The team's ragged appearance even caught the attention of a Mad Magazine photographer who snapped a picture of the squad during their 1971-72 season.
"We didn't have any funding for women's athletics," she adds. "It's so hard to imagine that things were that backwards."
Carty's college experience was very different from her colleagues,' thanks to an unusual decision she made in the summer between her sophomore and junior years. It was then that she married Brian T. Carty'71, whom she began dating as a first year student.
"It wasn't a rational decision. I certainly didn't know anyone else who was doing it," she says. "But it felt like an emotional mandate to me."
Carty says her college experience was characterized less by extracurricular activities than by the friends she made. What she remembers most about college, she says, was "wearing a silly bathrobe and talking for hours." One evening, a friend who was a gourmet cook was baking a chocolate cake from scratch. Before being served, the cake caved in like a disappointing souffle.
"She was devastated," Carty says. "But I ate the whole thing. I really gained her respect, though I felt pretty sick."
Carty was also a devoted student, who left her hometown of Pleasantville, N.Y., to attend boarding school in Massachusetts.
"I was not one of those people who didn't go to class," she says.

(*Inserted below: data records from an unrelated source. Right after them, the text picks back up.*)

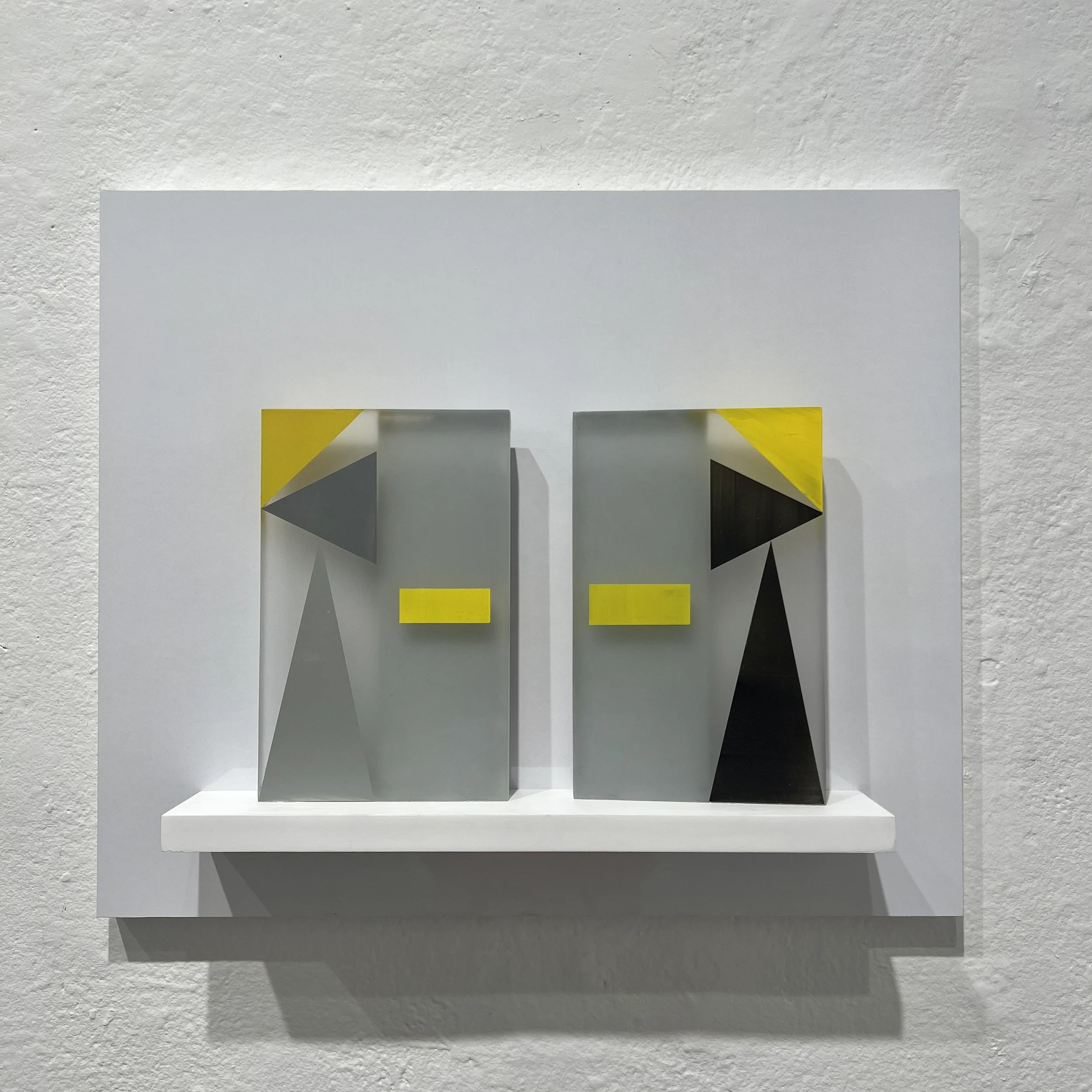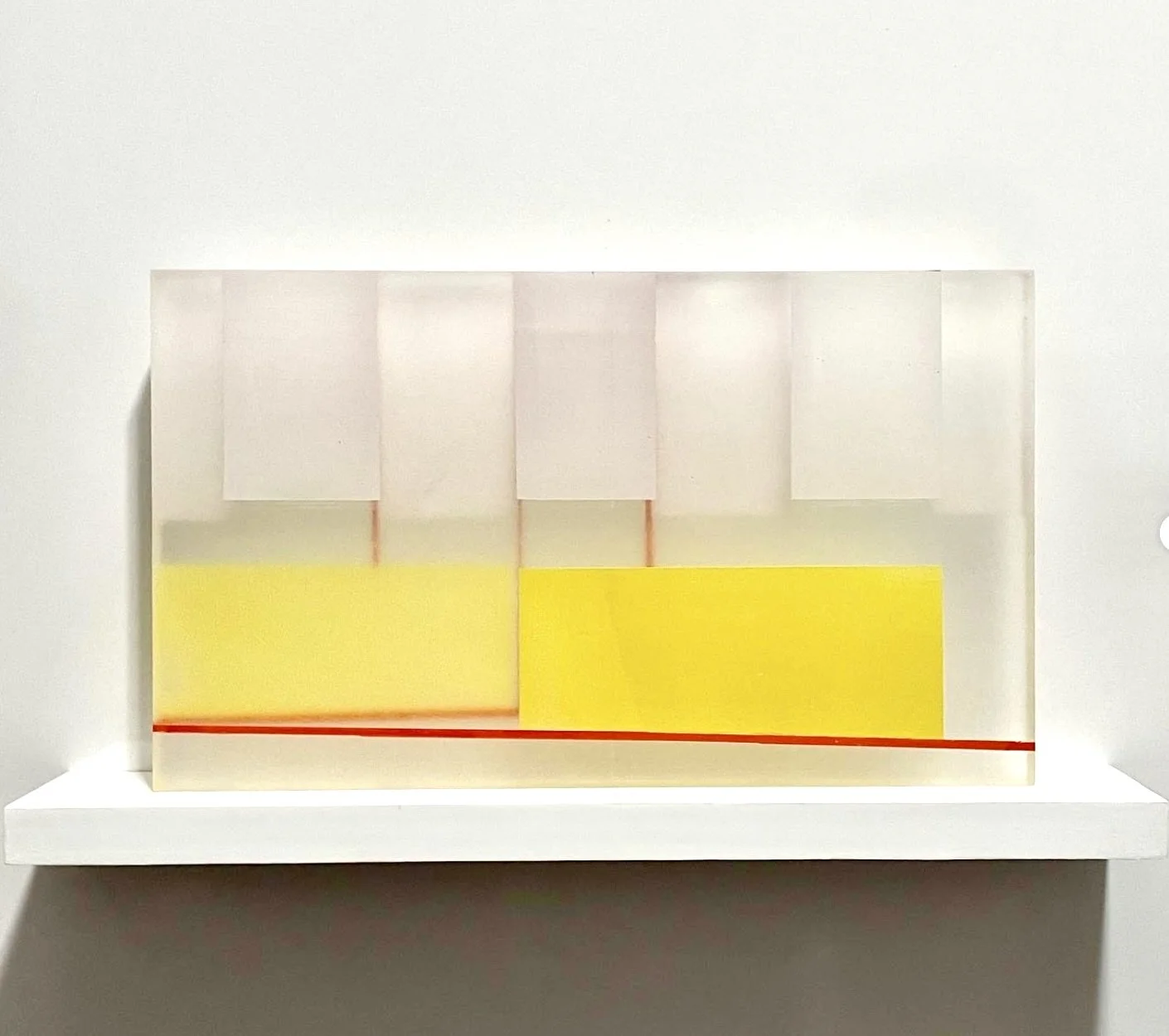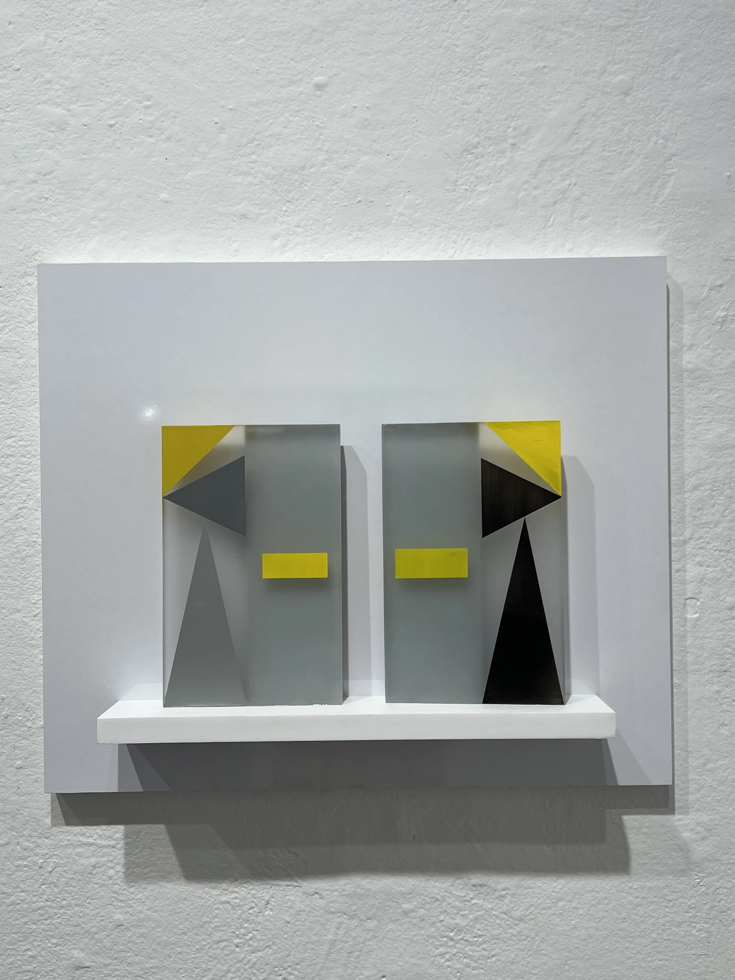 Chimney Swift - 2024, Acrylic on cast acrylic panel 5.25 x 8.25 x .75 inches, 2024 / shelf: gloss formica, MDF, Pine, 14.75 x 16 x 3 inches - An homage to the Chimney Swift. “This enigmatic little cigar-shaped bird spends almost its entire life airborne. When it lands, it can’t perch—it clings to vertical walls inside chimneys or in hollow trees or caves. This species has suffered sharp declines as chimneys fall into disuse across the continent.“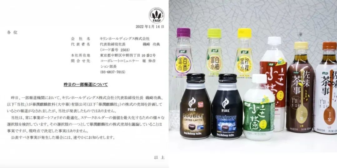2022年1月,日本麒麟發(fā)布出售華潤(rùn)麒麟股份的相關(guān)公告,最終以1150億日元的價(jià)格將合資飲料業(yè)務(wù)賣出,正式結(jié)束了與華潤(rùn)怡寶的合作。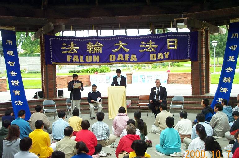 庆典仪式在集体炼功活动后开始。学员代表发言,桑尼维尔Sunnyvale市长温瑞特Voreitter女士委派代表市府议员福勒Fowler先生到场发言并宣读“法轮大法日”公告,国会议员艾秀(Eshoo)女士也发来贺信。学员向市长、市府议员及公园管理员们赠送大法书一套及“法轮大法之友”奖牌,已感谢他们对法轮大法修炼者的支持。整个一个小时的仪式热烈、隆重而充实。本市社区报的记者、中文媒体记者都作了采访报道。

'Everything Seemed Possible'
After graduation, Carty went to work as a personnel officer at a small insurance company. Carty says she felt like part of the real world, unlike many of her classmates who went to professional schools because they were unsure what to do with their lives.
"I remember feeling a little self-satisfied that I was facing up to having to pay the rent," she says.
When Carty became pregnant with her first child, she realized that the agency would not let her work part-time. She decided to stay at home with her baby, and she remained there as she raised two more children until she came to work for the RCAA in 1991. Two years later, Carty was working full-time as the chief administrator of the nearly 30,000-member organization.
"I felt conflicted about staying at home when all my friends and certainly all of my school friends were working," she says. "I felt out of step with the world."
But Carty says her return to the RCAA, around her 20th reunion, provided her with a group of women who understood the choices she faced.